Когда грозы отступали, Агора шла со мной на прогулку и рассказывала о славной истории моего рода. Длинная вереница предков проходила перед моими глазами: прапрадед и основатель рода – кавальери Джанбатиста Азиттизи Мстительный, прадед – Лукас Азиттизи Кровавый, дед – Жеронимо Азиттизи Хладнокровный… Я видела их портреты в парадной гостиной замка – сплошь мрачные и суровые мужчины с длинными черными волосами и пронзительным взглядом. В парадной гостиной висел также наш герб, и я иногда пыталась разобрать, что же он означает.

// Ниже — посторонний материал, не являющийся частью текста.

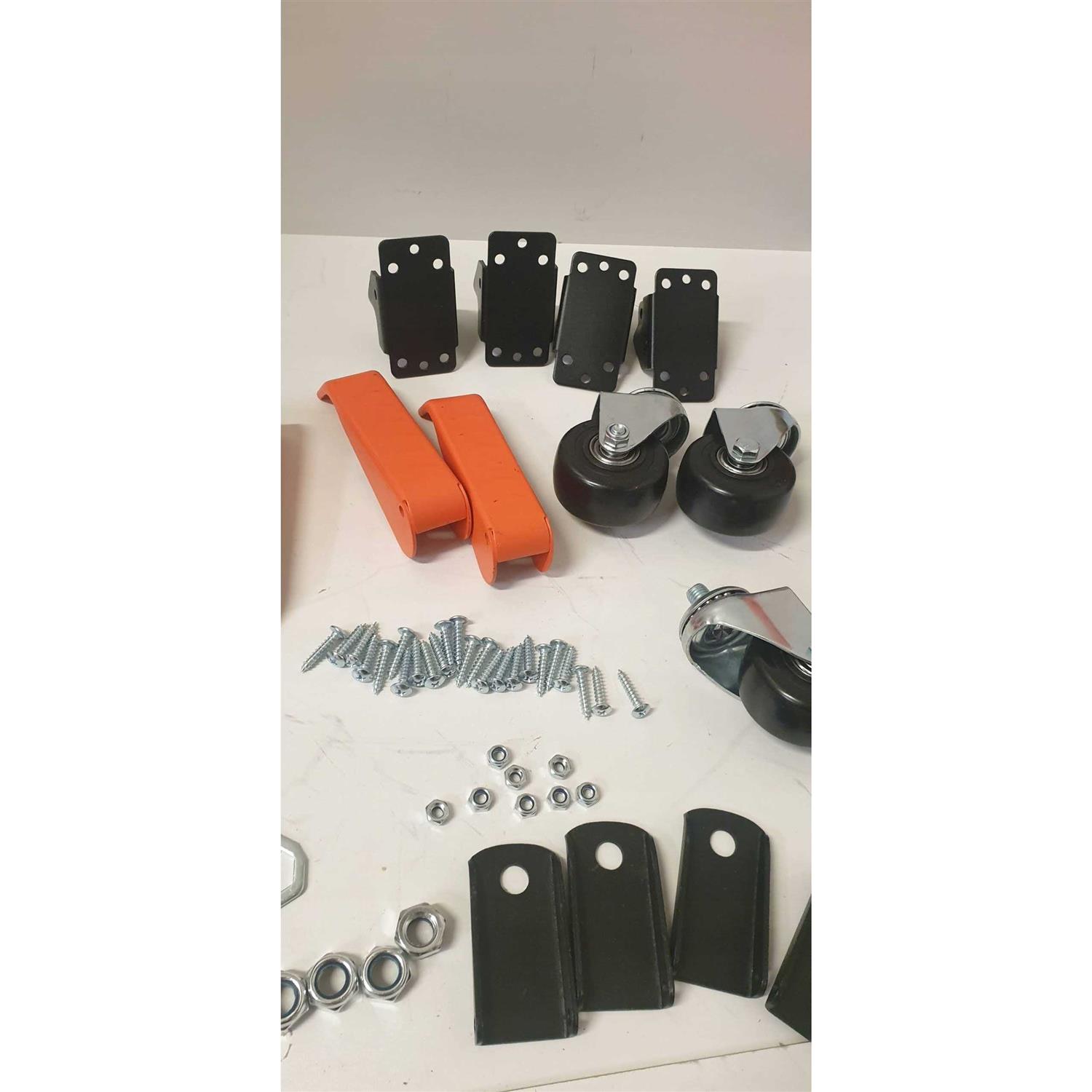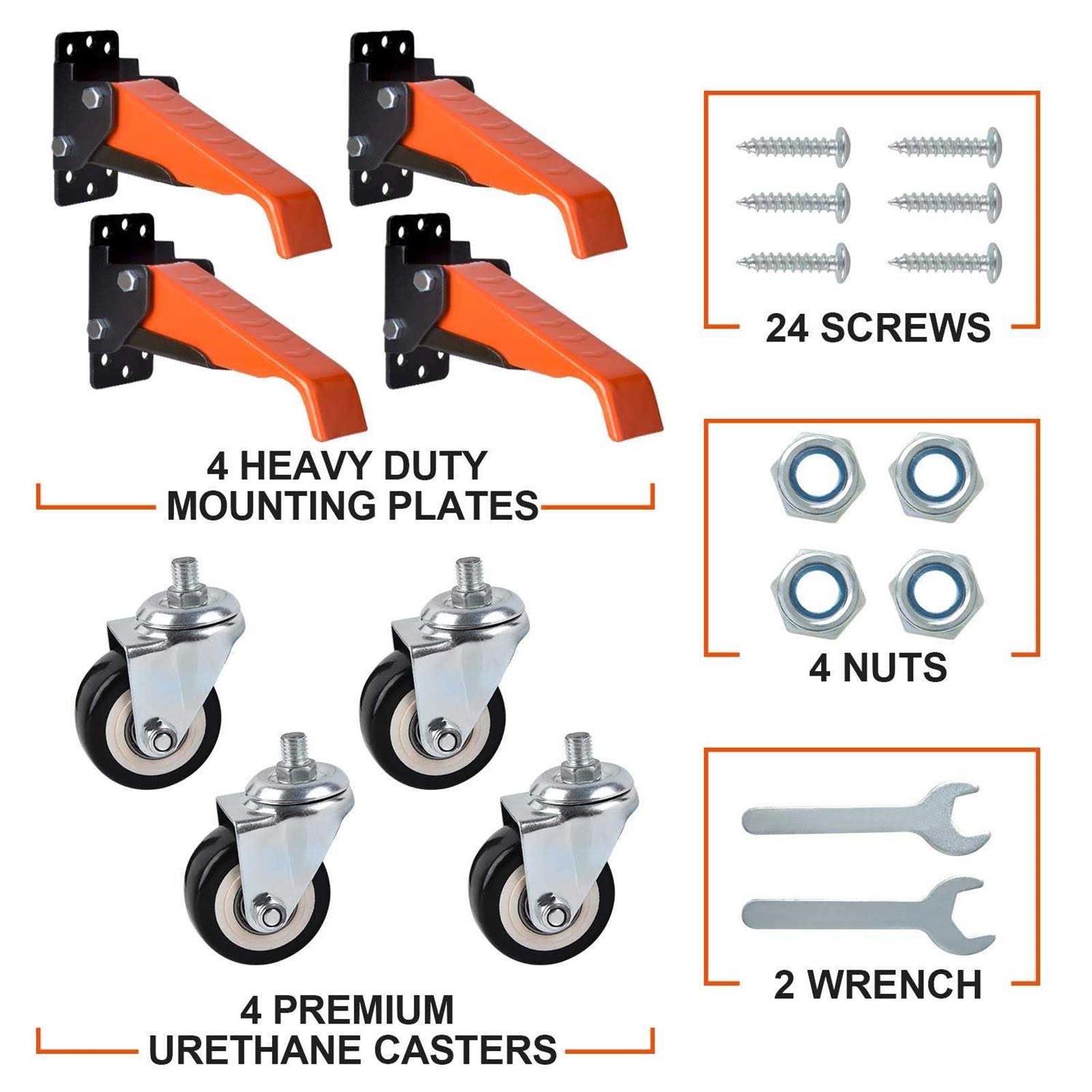 Good workbench wheels. 【Non-slip Retractable Casters】: Each foot pedal is orange powder-coated and with non-slip texture allow for secure and effective operation while providing extra grip. 【Side Mounted Caster Kit】: Set includes 4 mounting plates 4 swivel urethane casters 24 mounting screws 4 mounting nuts 2 wrenches and a manual for quick install.
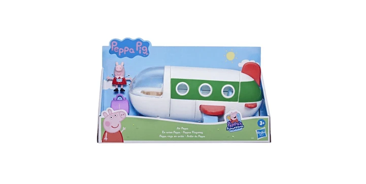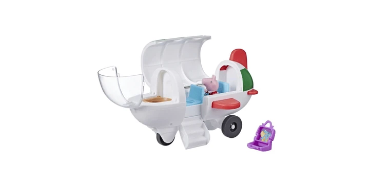 - FLUGZEUG HAT RÄDER, sodass es von den Kinder durch das ganze Haus geschoben werden kann. Das Dach des Flugzeugs, die Treppe und die Heckklappe lassen sich öffnen und bieten so noch mehr Spielspaß. Peppas Koffer passt hinter den letzten Sitz

Так вот, мы с Агорой гуляли, я слушала ее рассказы и лениво размышляла о том, почему пшеница пахнет вовсе не свежевыпеченным хлебом, а пылью и зноем, отчего в наших апельсиновых рощах пахнет мокрой землей и навозом, а не сладкими плодами… Эти размышления представлялись мне слишком детскими, и я не делилась с ними даже с Агорой. Я вообще не желала никому доверять то, что творится в моей голове.

Как-то в конце лета мы отправились в апельсиновую рощу, где деревенские парни и девушки собирали очередной урожай ярких и сладких плодов. Заметив нас, они ставили наземь корзины и кланялись мне. И вдруг – я увидела Ченцу!

Да, это несомненно была она – розовощекая, крепкая, плотная, с толстой черной косой, выбившейся из-под платка, в ярко-красном платье с короткими рукавами. Ее руки лоснились от апельсинового масла, на носу блестели капельки пота, подол фартука усеяли листики и веточки, но я безо всякой брезгливости бросилась к ней и крепко обняла:

– Ченца, как я рада тебя видеть!

– Моя маленькая госпожа! – воскликнула она. – Впрочем, ты уже не маленькая, вон как ты вытянулась!

Я прижала голову к ее груди и вдохнула знакомую смесь из ароматов теплой кожи, миткаля и анисового масла.

– Ах, Ченца, я ужасно скучаю по тебе, – молвила я. – Как ты поживаешь?

– Очень хорошо, маленькая госпожа, – она улыбнулась, и я увидела милые ямочки у нее на щеках. – А ты?

Тут я вспомнила про Агору.

– Это моя менторша, ее зовут Агора, – торопливо сказала я. – Она читает мне Священную историю, а также учит всем наукам, которые положено знать приличной девочке.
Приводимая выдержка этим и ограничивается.